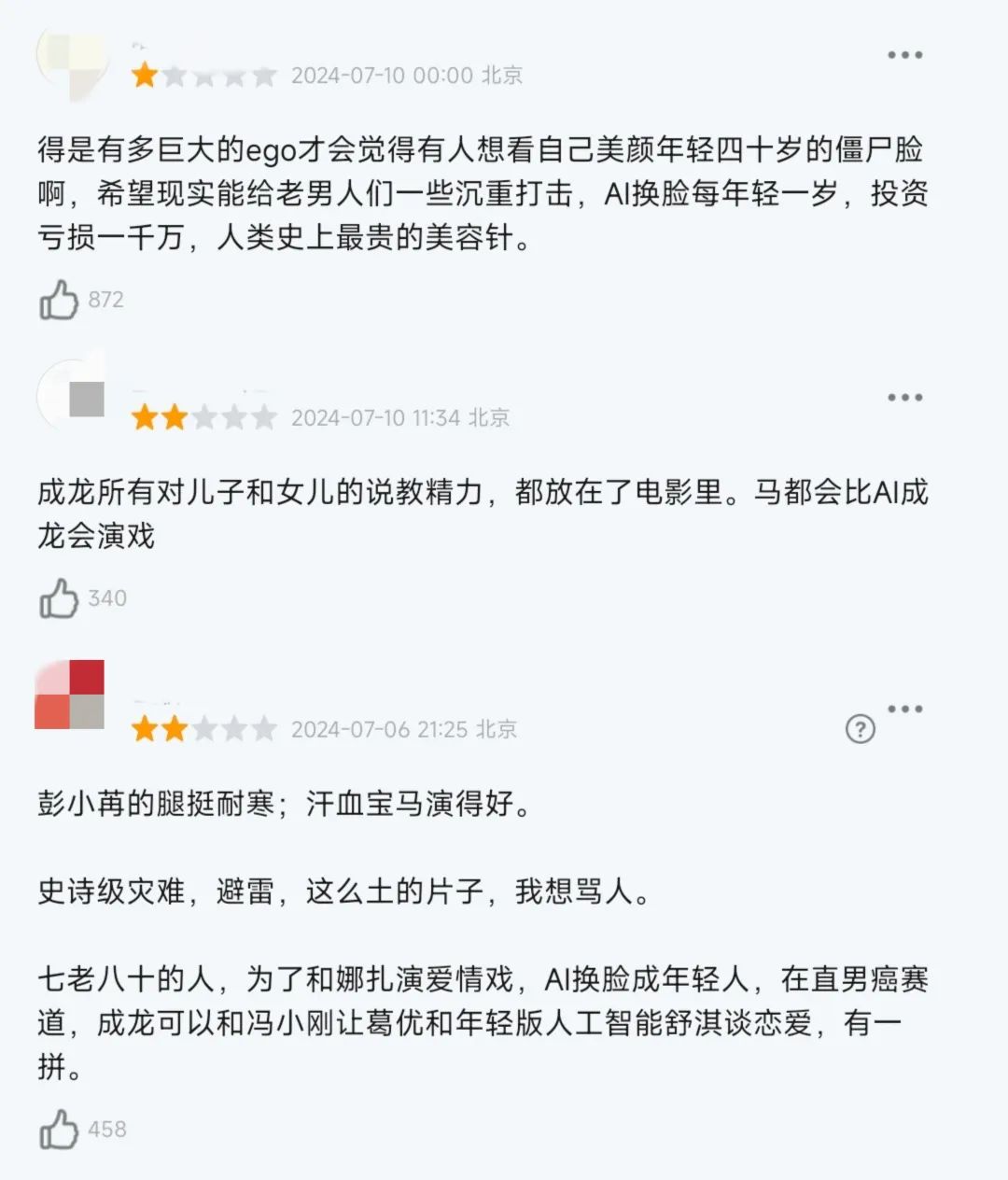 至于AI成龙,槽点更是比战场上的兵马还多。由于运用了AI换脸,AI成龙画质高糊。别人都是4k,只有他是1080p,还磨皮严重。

────────

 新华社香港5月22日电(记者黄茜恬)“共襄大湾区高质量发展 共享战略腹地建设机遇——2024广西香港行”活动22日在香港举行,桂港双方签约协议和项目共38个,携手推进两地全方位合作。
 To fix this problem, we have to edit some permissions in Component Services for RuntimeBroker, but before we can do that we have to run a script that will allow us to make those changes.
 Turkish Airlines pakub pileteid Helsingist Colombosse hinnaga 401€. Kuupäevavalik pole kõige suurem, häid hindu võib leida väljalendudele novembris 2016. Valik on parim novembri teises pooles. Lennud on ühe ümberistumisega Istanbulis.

────────

▶ Action item
Lines to set down from above: the line with "新华社香港5月22日电(记者", the line with "To fix this", and every line between, each exactly as written.

▶ Answer area
 新华社香港5月22日电(记者黄茜恬)“共襄大湾区高质量发展 共享战略腹地建设机遇——2024广西香港行”活动22日在香港举行,桂港双方签约协议和项目共38个,携手推进两地全方位合作。
 To fix this problem, we have to edit some permissions in Component Services for RuntimeBroker, but before we can do that we have to run a script that will allow us to make those changes.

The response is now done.